The trial court concluded that plaintiff was entitled to reasonable medical bills.

Defendants, however, requested a finding that plaintiff’s attorneys recommended the services of Dr. Altman, an orthopedic specialist, but defendants refused to be liable for expenses of this doctor and offered the services of Albuquerque Orthopedic Associates, consisting of five orthopedic specialists ; that plaintiff declined the services of such doctors and was thereafter examined by Dr. Altman on four occasions. This requested finding was refused even though the uncontradicted evidence supported this finding.

Under subsection (A), supra, the employer was obligated to furnish reasonable medical services to plaintiff unless plaintiff refused to allow them to be furnished. The undisputed evidence is that plaintiff, through his attorneys, refused the medical services offered by defendants. By this refusal, plaintiff waived the right to require that the cost of Dr. Altman’s services be included in the award. Hedgecock v. Vandiver, 82 N.M. 140, 477 P.2d 316 (Ct.App.1970).

Under subsection (D), the employer, is not liable for medical services if the employer offers to furnish these services during the time necessary.
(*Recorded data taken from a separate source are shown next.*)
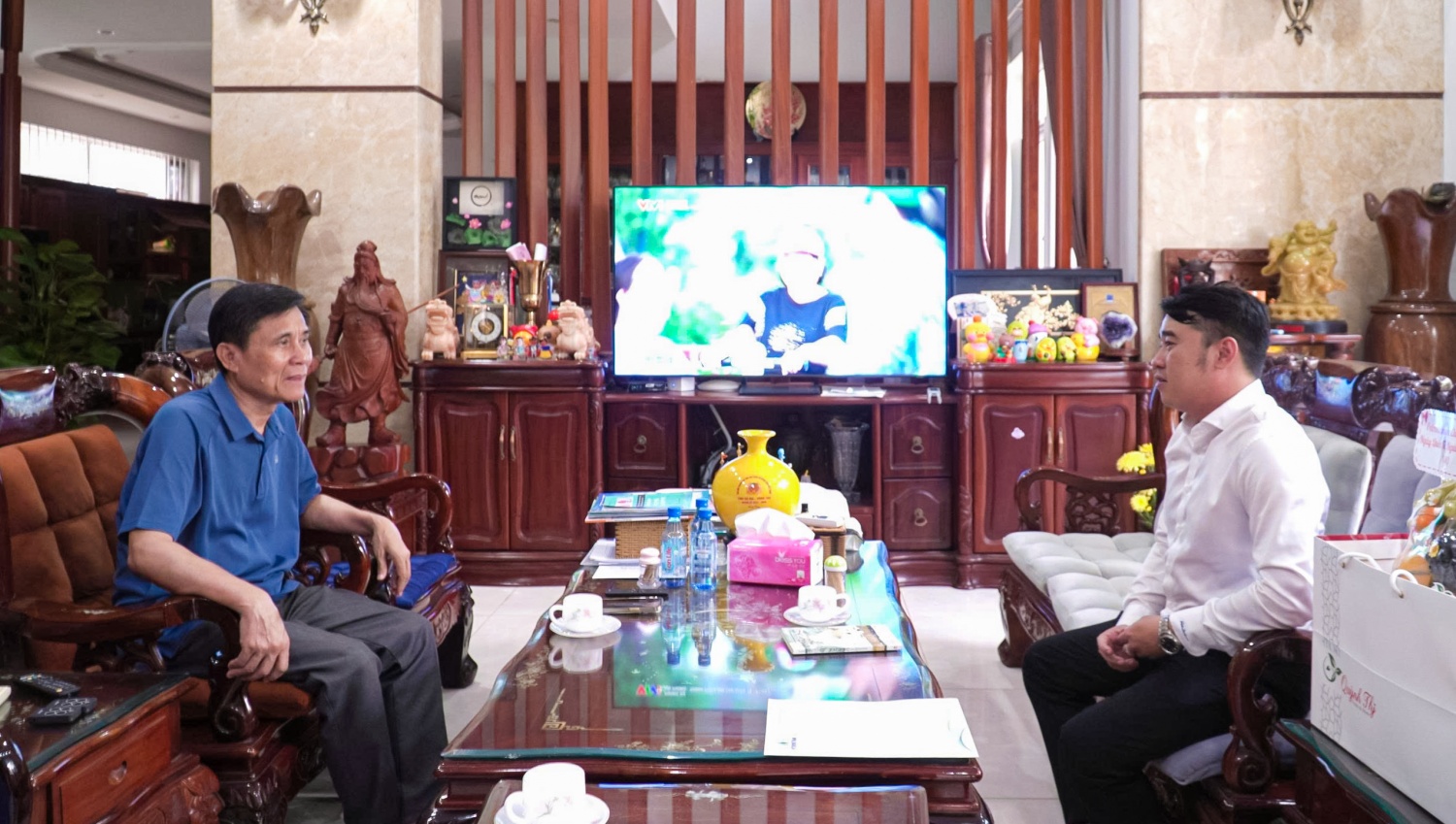 Ông Nguyễn Khắc Bảy - Phó Trưởng Ban Liên lạc hưu trí Bộ máy Quản lý và Điều hành Tập đoàn trao đổi thân tình cùng đoàn công tác.
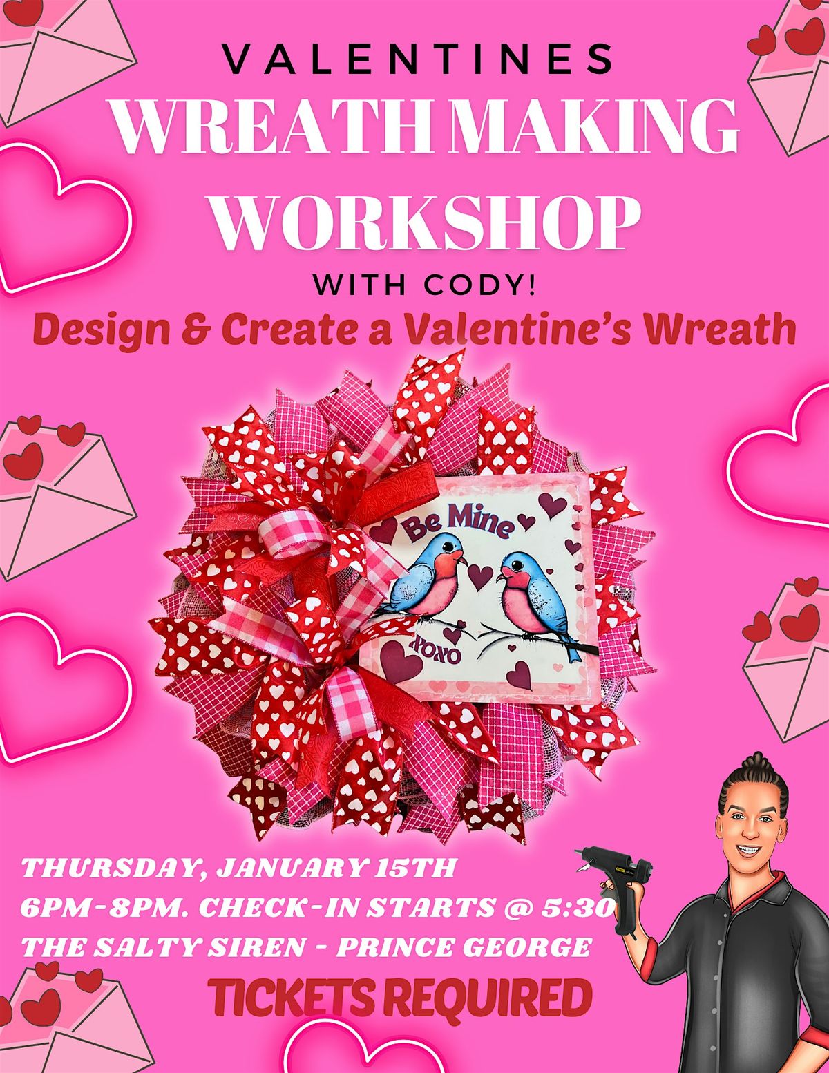 Valentine's Wreath Making Class with Cody at The Salty Siren!
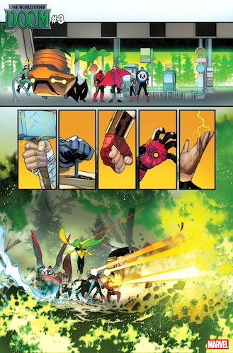 - Today fans can get a sneak peek at the explosive battle to come with an advance preview of One World Under Doom #3, which is set to go on sale next month.
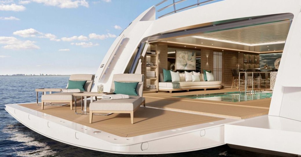 Hai cầu thang cong được thiết kế vô cùng bắt mắt dẫn xuống boong sau với bệ bơi cô định. Mang đến một không gian tách biệt để tận hưởng những tia nắng mặt trời.
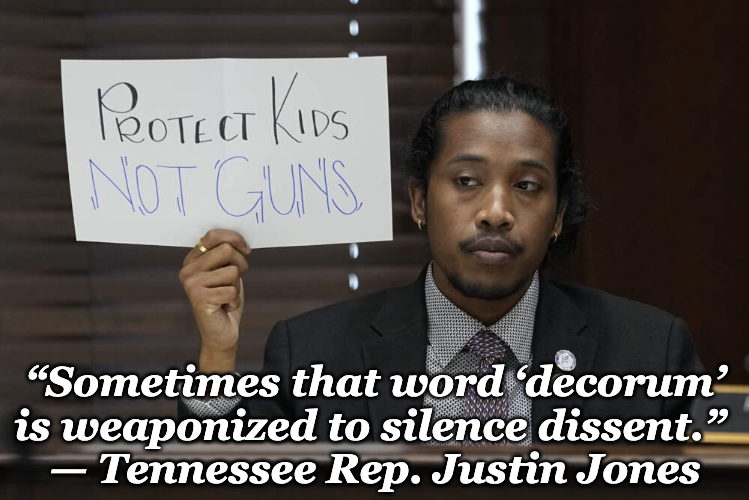 This overreliance on “decorum,” “procedure” and “regular order” — in other words, hiding behind the rule book instead of standing firm on one’s moral convictions — is one of the most craven, reprehensible failings a politician can have. It signals a desire for power and control rather than a willingness to listen to constituents, much less the still, small voice within3 that tells each one of us to do the right thing.
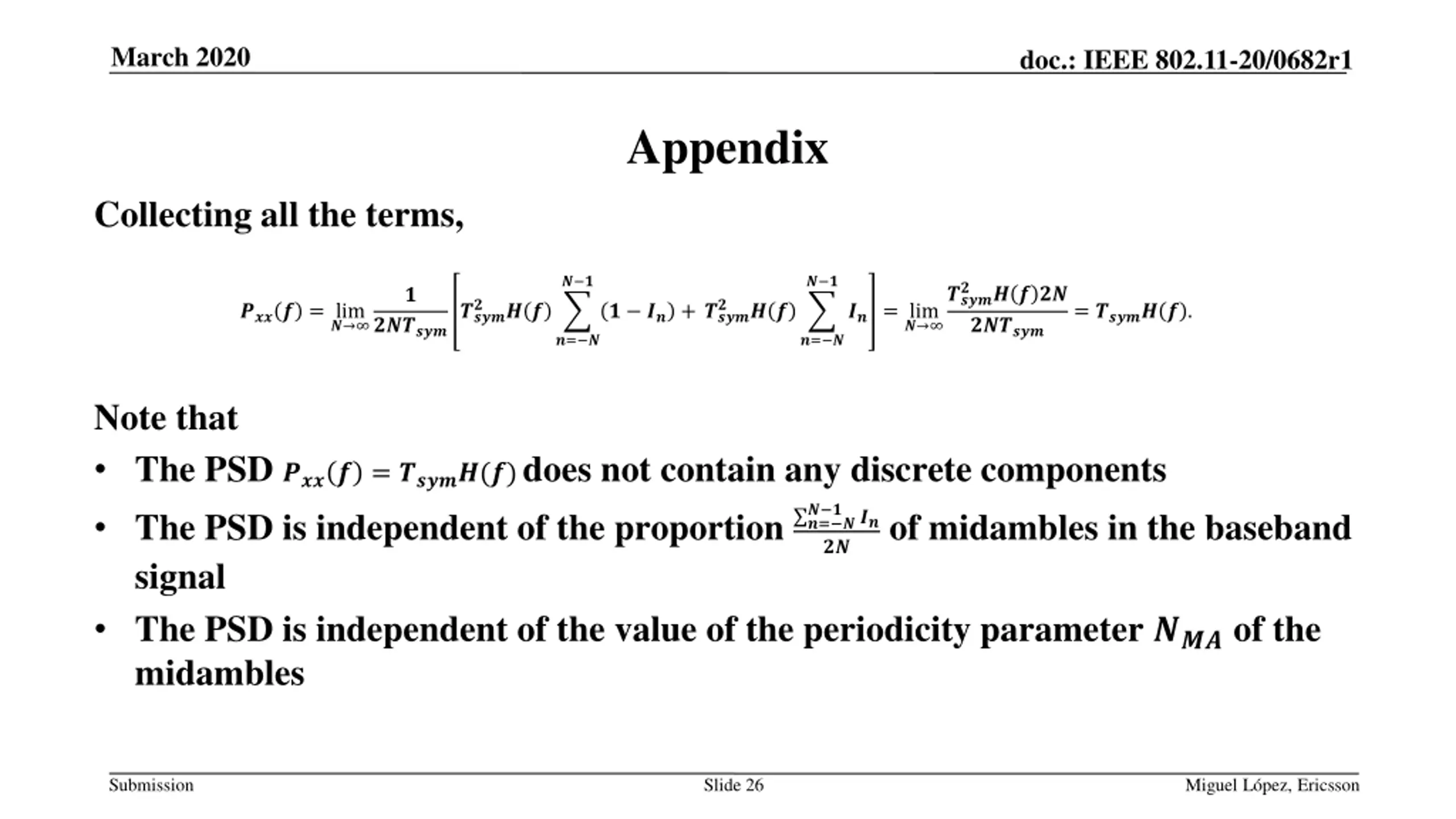 March 2020 doc.: IEEE 802.11-20/0682r1 Appendix Collecting all the terms, ? ? ? ? ? ???? ? ? ?? ?????? ? ? ? ???? = lim ???? ? ? ? ?? + ???? ? ? ?? = lim = ????? ? . ?????? ? ? ?= ? ?= ? Note that The PSD ???? = ?????(?)does not contain any discrete components The PSD is independent of the proportion ?= ? signal The PSD is independent of the value of the periodicity parameter ???of the midambles ? ? of midambles in the baseband ?? ?? Submission Slide 26 Miguel L pez, Ericsson

Plaintiff claims that defendants may not escape liability for the Altman bill under subsection (D) because defendants had not made provision for medical attention at the time of the accident. For cases involving subsection (D), see Valdez v. McKee, 76 N.M. 340, 414 P.2d 852 (1966); Gregory v. Eastern New Mexico University, 81 N.M. 236, 465 P.2d 515 (Ct.App.1970). Even if subsection (D) were inapplicable, defendants are not liable for Dr. Altman’s bill under subsection (A).

Defendants did not contest Dr. Freedman’s medical expense of $131.04.
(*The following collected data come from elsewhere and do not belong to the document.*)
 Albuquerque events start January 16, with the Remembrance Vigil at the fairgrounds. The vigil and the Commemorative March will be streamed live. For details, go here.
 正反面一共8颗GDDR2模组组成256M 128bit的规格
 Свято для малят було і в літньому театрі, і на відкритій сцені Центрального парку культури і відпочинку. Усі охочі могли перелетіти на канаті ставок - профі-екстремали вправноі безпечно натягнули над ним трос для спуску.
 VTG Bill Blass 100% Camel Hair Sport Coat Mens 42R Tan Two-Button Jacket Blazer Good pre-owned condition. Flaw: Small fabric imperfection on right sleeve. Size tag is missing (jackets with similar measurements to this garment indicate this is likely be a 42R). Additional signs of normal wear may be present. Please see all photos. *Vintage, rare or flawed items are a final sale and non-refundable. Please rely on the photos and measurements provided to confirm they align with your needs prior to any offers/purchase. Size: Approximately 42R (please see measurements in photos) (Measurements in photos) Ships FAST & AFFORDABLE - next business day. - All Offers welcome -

(3) Attorneys’ Fees Should not have been Awarded.

The trial court awarded attorneys’ fees in the sum of $1,000.00 as being reasonable and incident to the prosecution of the complaint.

Section 59-10-23(D), N.M.S.A.1953 (Repl.Vol. 9, pt. 1) provides for payment of attorney fees if workmen’s compensation is refused, “and the claimant shall thereafter collect compensation through court proceedings.” Plaintiff was awarded the cost of Dr. Freedman’s bill, but the collection of medical expenses is not the collection of compensation. Nasci v. Frank Paxton Lumber Co, 69 N.M. 412, 367 P.2d 913 (1961); Cromer v. J. W. Jones Construction Company, 79 N.M. 179, 441 P.2d 219 (Ct.App.1968). The plaintiff did not collect compensation, and he is not entitled to attorneys’ fees, either in the trial court or on this appeal. Lasater v. Home Oil *112Company, 83 N.M. 567, 494 P.2d 980 (Ct. App.1972). The trial court erred.

The judgment is reversed as to payment of Dr. Altman’s bill and attorneys’ fees. This cause is remanded with instructions to enter a new judgment in conformity with this opinion.

It is so ordered.

WOOD, C. J., and HENDLEY, J., concur.